Frequently Asked Questions (FAQ)

Q1: With contextual moving to "mindset" targeting, what's the most practical first step for an agency to adapt? A1: The most practical first step is to evolve campaign planning beyond simple keyword lists. Agencies should partner with contextual vendors that offer advanced semantic analysis capable of identifying sentiment, tone, and nuance. Begin by testing creative variations that are explicitly designed to align with the predicted emotional tone of a content environment, not just its topic, and measure performance against traditional keyword-based approaches.

Q2: My last-click models show emerging channels like mobile gaming are underperforming. How do I justify investment to my CMO? A2: Acknowledge the limitations of your current model and present a case for evolving your measurement stack. Use the data from Fairing—that 80% of mobile game-driven customers are misattributed by last-click models—as evidence that you're likely blind to the channel's true impact. Propose implementing a post-purchase attribution survey ("How Did You Hear About Us?") as a low-cost, high-insight method to capture true customer discovery and prove the channel's incremental value beyond what flawed click-based data can show.

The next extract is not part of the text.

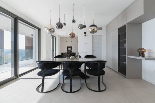 High-end finishes give the residence a contemporary and sophisticated character, highlighting both architecture and furnishings. The property also includes a double garage, a cellar, and a condominium gym.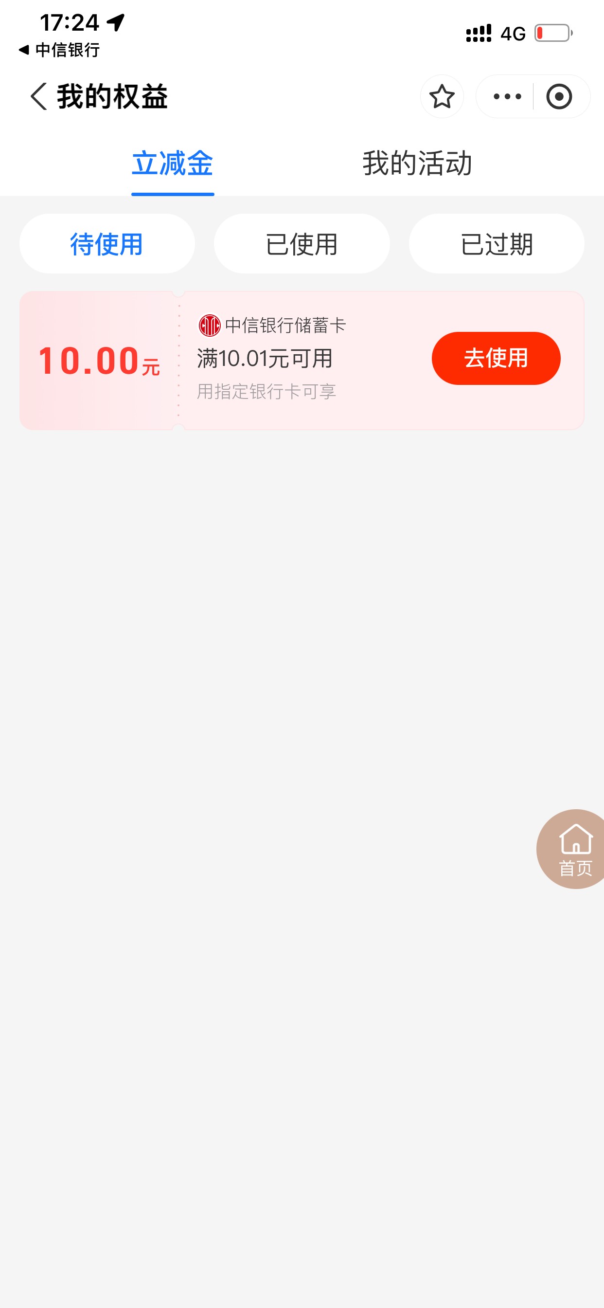 中信存0.1可以领取了

Q3: Amazon's exit from Google Shopping seems like it could be temporary. Is the "window of opportunity" real, or just a short-term blip? A3: It should be treated as both. Tactically, it is a very real and immediate opportunity to capture market share at a potentially lower customer acquisition cost. Brands should act decisively to capitalize on the reduced competition. Strategically, it is a powerful signal of the escalating "AI turf wars" between major platforms. Even if Amazon returns, the event demonstrates the inherent volatility of the ecosystem and validates the need for diversified, agile marketing strategies that are not overly reliant on any single channel or competitor's presence.